Consequently, the Archdiocese sued Siplast (the “Underlying Lawsuit”). In response, Siplast submitted a claim to Employers Mutual Casualty Company (“EMCC”) asserting coverage under commercial general liability policies Siplast had purchased. Those policies required that EMCC “pay those sums that the insured becomes legally obligated to pay as damages because of ... ‘property damage’ to which this insurance applies” and that EMCC “will have the right and duty to defend the insured against any ‘suit’ seeking those damages.” The policies were also subject to a “Your Product/Your Work Exclusion”, which excluded coverage of “property damage to Siplast’s product arising out of it or any part of it or property damage to Siplast’s work arising out of it or any part of it ….” 

EMCC denied coverage, including its duty to defend Siplast in the Underlying Lawsuit.  In response, Siplast filed suit against EMCC, seeking a declaratory judgment that EMCC was obligated to provide a defense to Siplast in the Underlying Lawsuit.
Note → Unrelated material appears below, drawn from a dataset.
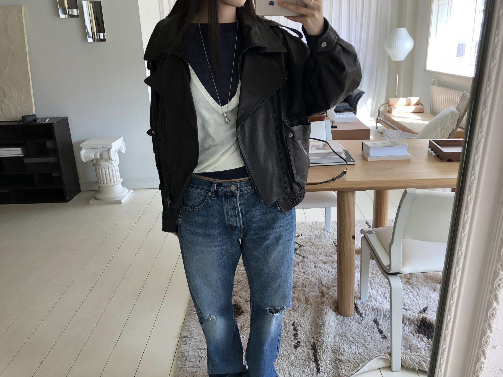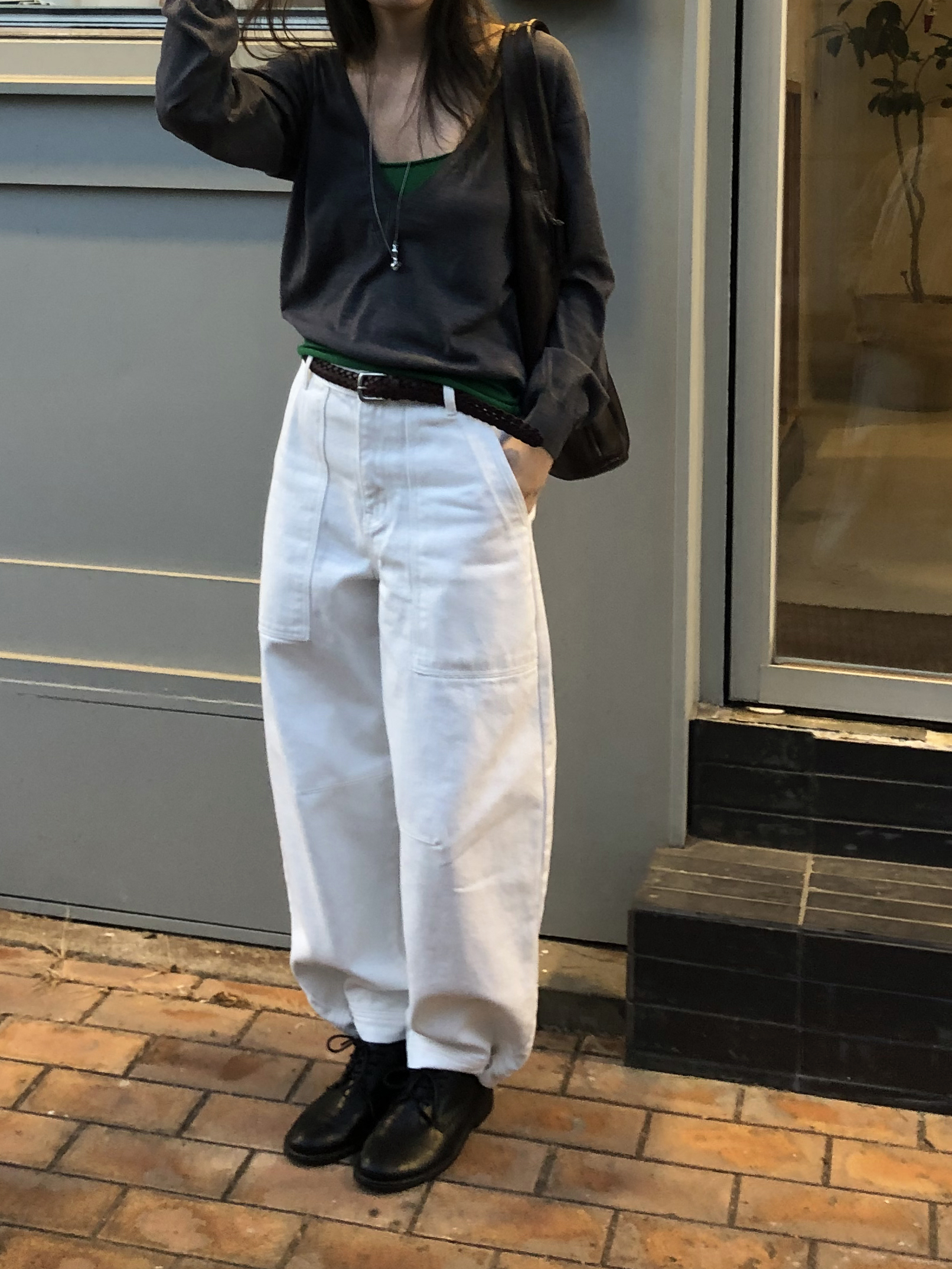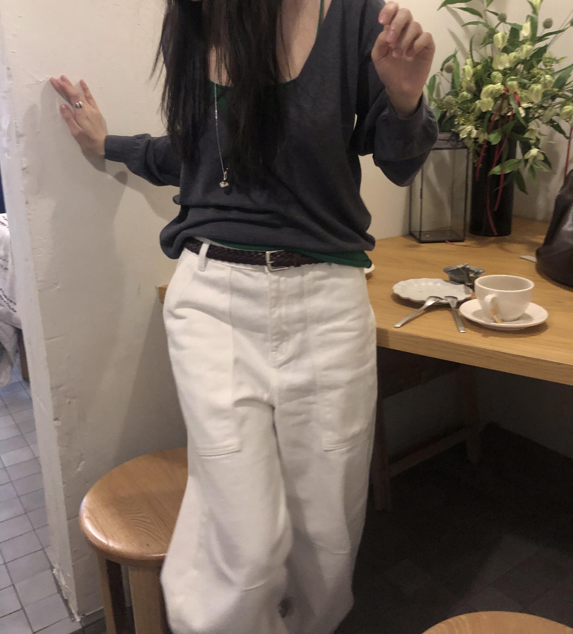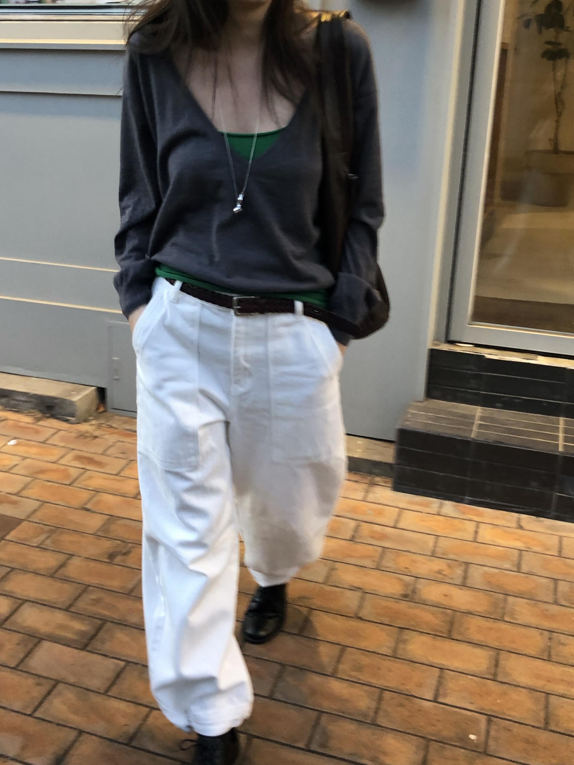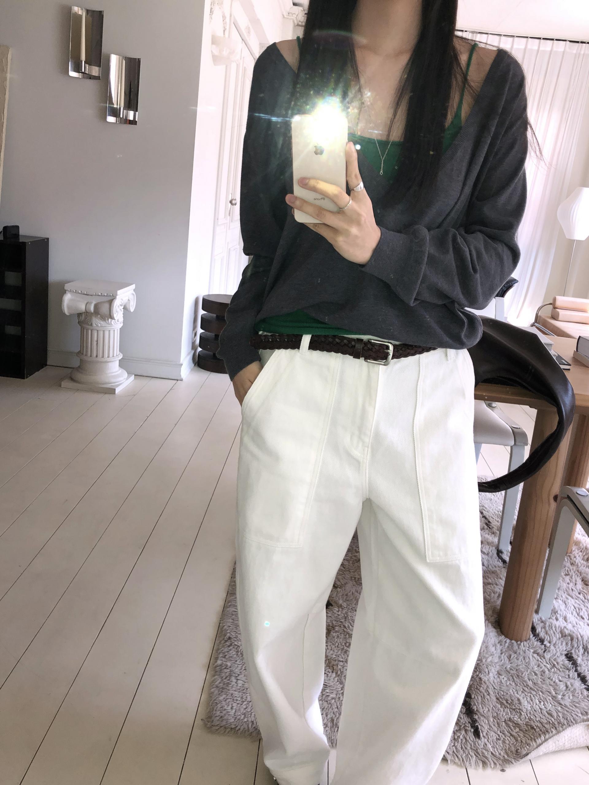 적당히 루즈한 핏으로 여유로운 실루엣을 보여주며 딥하게 파인 네크라인으로 이너 레이어드를 추천드립니다. 얇고 가벼운 두께감이라 이너를 더했을 때도 답답하지 않아 좋아요. 레이스 포인트의 슬리브리스나 미니멀한 민소매, 얇은 티셔츠나 블라우스 등 레이어드하는 재미가 쏠쏠하답니다. 브이넥의 여백이 깊어 이너에 따라 전혀 다른 무드를 연출합니다.
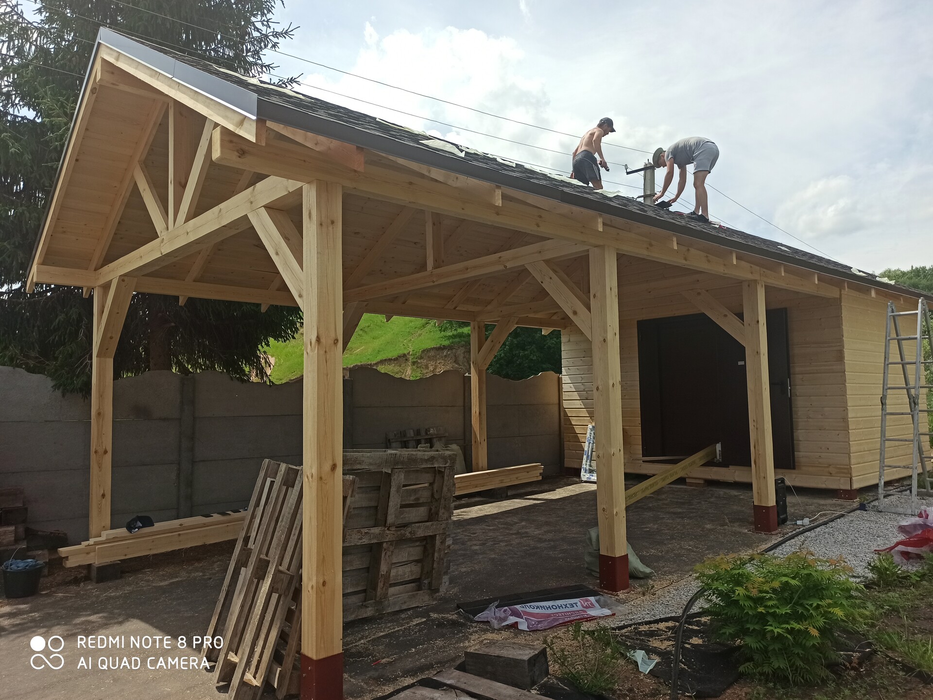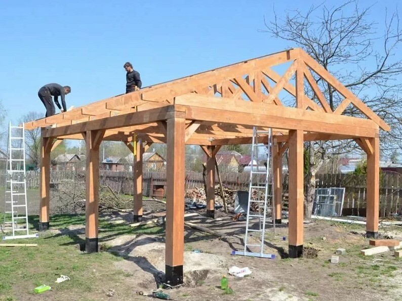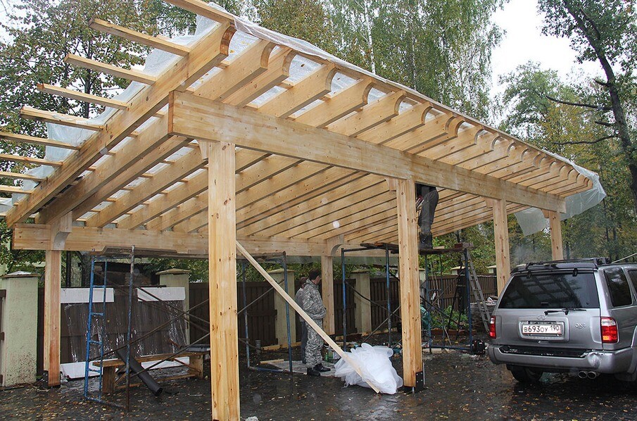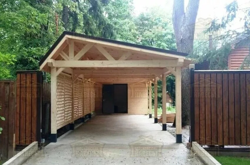 Деревянный навес на две машины 5х5 м с двухскатной кровлей

Applying Texas law, the Fifth Circuit concluded that the Archdiocese’s complaint alleged damage to property beyond the product and work of Siplast and, therefore, EMCC had a duty to defend based on those allegations. The Court began its analysis by stating the type of factual allegations necessary to trigger a duty to defend: “If the complaint alleges damage to and seeks damages for any property that is not the insured's product or directly subject to the insured's work, then the claim falls outside of a “your product/your work” exclusion and the insurer has a duty to defend. However, if the complaint solely alleges facts and damage to the insured's own products, or solely seeks to recover the costs to repair the insured's work, then it is covered by a “your product/your work” exclusion and the duty to defend remains dormant.” The Court reasoned that Underlying Lawsuit repeatedly pointed to damage to property other than Siplast's roof membrane system. That is, the Underlying Lawsuit alleged that there was “water damage in the ceiling tiles throughout the school after a rainstorm” and that Siplast recommended the Archdiocese “contact a designated Siplast roofing contractor to address the damage and leak.” Additionally, the Underlying Lawsuit alleged that “despite the work performed by Siplast's designated contractor, the School continued to suffer from additional leaks and water damage.”